**Exercise brief:** Please restate word for word each line from the one containing "贵州省黔西市化屋村绣娘 杨文" to the last line of the records below, and drop the pictures.

**Input:**
Segment Open

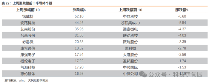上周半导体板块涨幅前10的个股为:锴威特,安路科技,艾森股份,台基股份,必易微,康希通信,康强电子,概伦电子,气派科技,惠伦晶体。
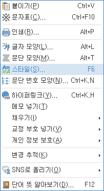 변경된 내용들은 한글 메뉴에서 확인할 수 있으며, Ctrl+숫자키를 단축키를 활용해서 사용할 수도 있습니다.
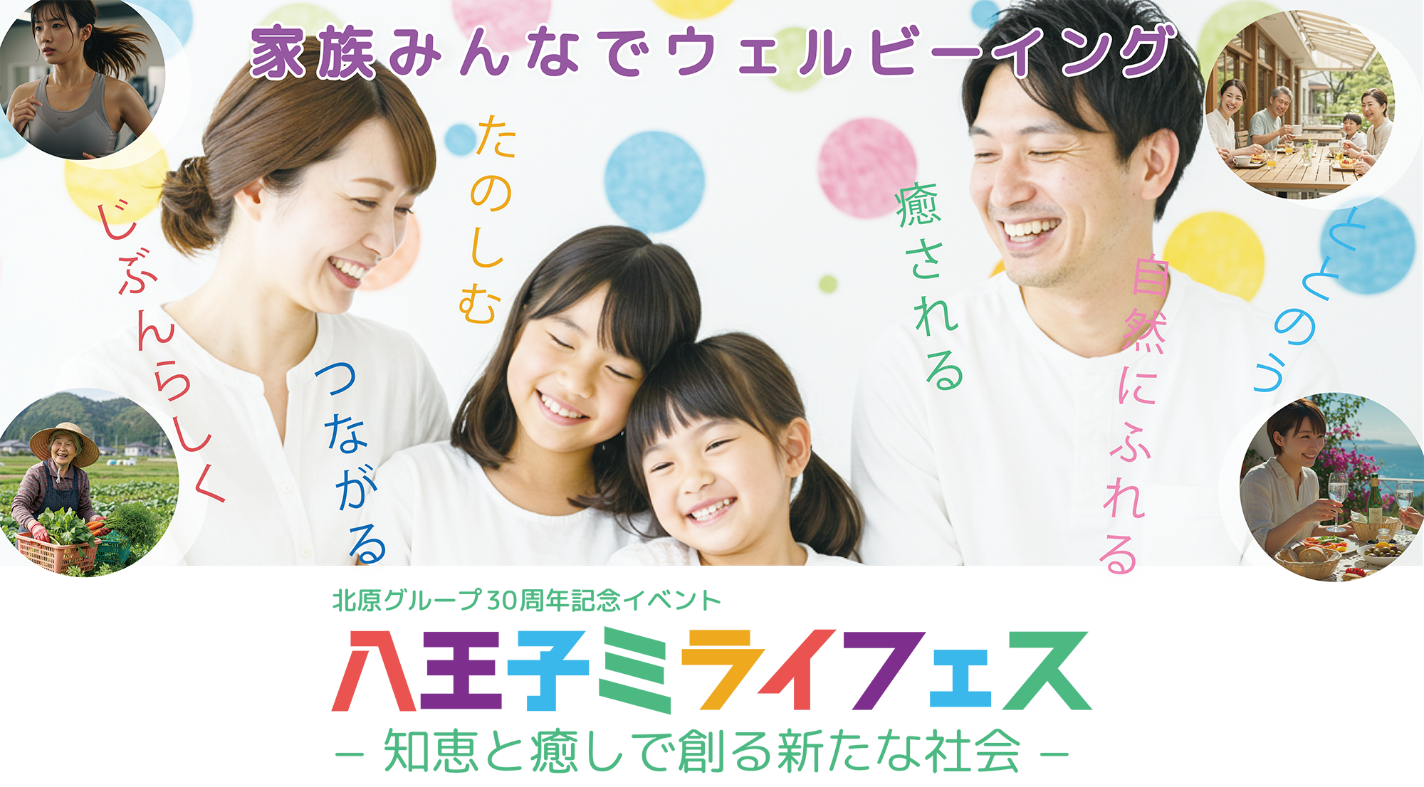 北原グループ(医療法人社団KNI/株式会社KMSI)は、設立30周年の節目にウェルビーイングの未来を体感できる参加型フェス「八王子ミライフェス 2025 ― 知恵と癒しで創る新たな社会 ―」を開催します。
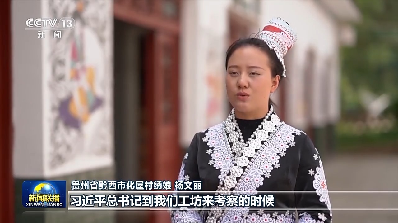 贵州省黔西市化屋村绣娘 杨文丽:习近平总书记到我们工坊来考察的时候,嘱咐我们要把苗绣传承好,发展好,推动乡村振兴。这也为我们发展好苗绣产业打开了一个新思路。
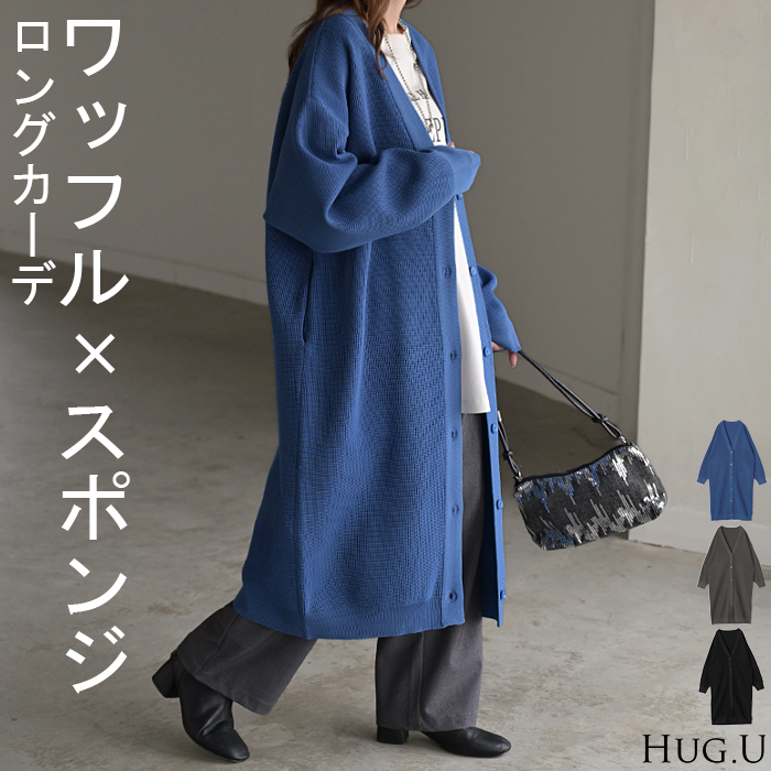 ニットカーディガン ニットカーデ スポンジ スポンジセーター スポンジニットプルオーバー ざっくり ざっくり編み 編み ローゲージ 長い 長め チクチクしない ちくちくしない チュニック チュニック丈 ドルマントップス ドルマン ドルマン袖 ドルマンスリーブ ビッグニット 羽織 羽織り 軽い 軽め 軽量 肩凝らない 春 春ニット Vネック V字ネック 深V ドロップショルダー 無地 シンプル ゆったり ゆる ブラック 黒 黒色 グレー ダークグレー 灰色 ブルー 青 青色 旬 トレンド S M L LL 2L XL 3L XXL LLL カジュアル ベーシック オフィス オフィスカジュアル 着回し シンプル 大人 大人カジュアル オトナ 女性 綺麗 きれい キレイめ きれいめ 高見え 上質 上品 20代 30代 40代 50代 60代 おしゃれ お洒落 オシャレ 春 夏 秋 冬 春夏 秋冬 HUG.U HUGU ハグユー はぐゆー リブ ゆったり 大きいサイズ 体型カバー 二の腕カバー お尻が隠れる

Segment Closed

**Response to the exercise:**
 贵州省黔西市化屋村绣娘 杨文丽:习近平总书记到我们工坊来考察的时候,嘱咐我们要把苗绣传承好,发展好,推动乡村振兴。这也为我们发展好苗绣产业打开了一个新思路。
 ニットカーディガン ニットカーデ スポンジ スポンジセーター スポンジニットプルオーバー ざっくり ざっくり編み 編み ローゲージ 長い 長め チクチクしない ちくちくしない チュニック チュニック丈 ドルマントップス ドルマン ドルマン袖 ドルマンスリーブ ビッグニット 羽織 羽織り 軽い 軽め 軽量 肩凝らない 春 春ニット Vネック V字ネック 深V ドロップショルダー 無地 シンプル ゆったり ゆる ブラック 黒 黒色 グレー ダークグレー 灰色 ブルー 青 青色 旬 トレンド S M L LL 2L XL 3L XXL LLL カジュアル ベーシック オフィス オフィスカジュアル 着回し シンプル 大人 大人カジュアル オトナ 女性 綺麗 きれい キレイめ きれいめ 高見え 上質 上品 20代 30代 40代 50代 60代 おしゃれ お洒落 オシャレ 春 夏 秋 冬 春夏 秋冬 HUG.U HUGU ハグユー はぐゆー リブ ゆったり 大きいサイズ 体型カバー 二の腕カバー お尻が隠れる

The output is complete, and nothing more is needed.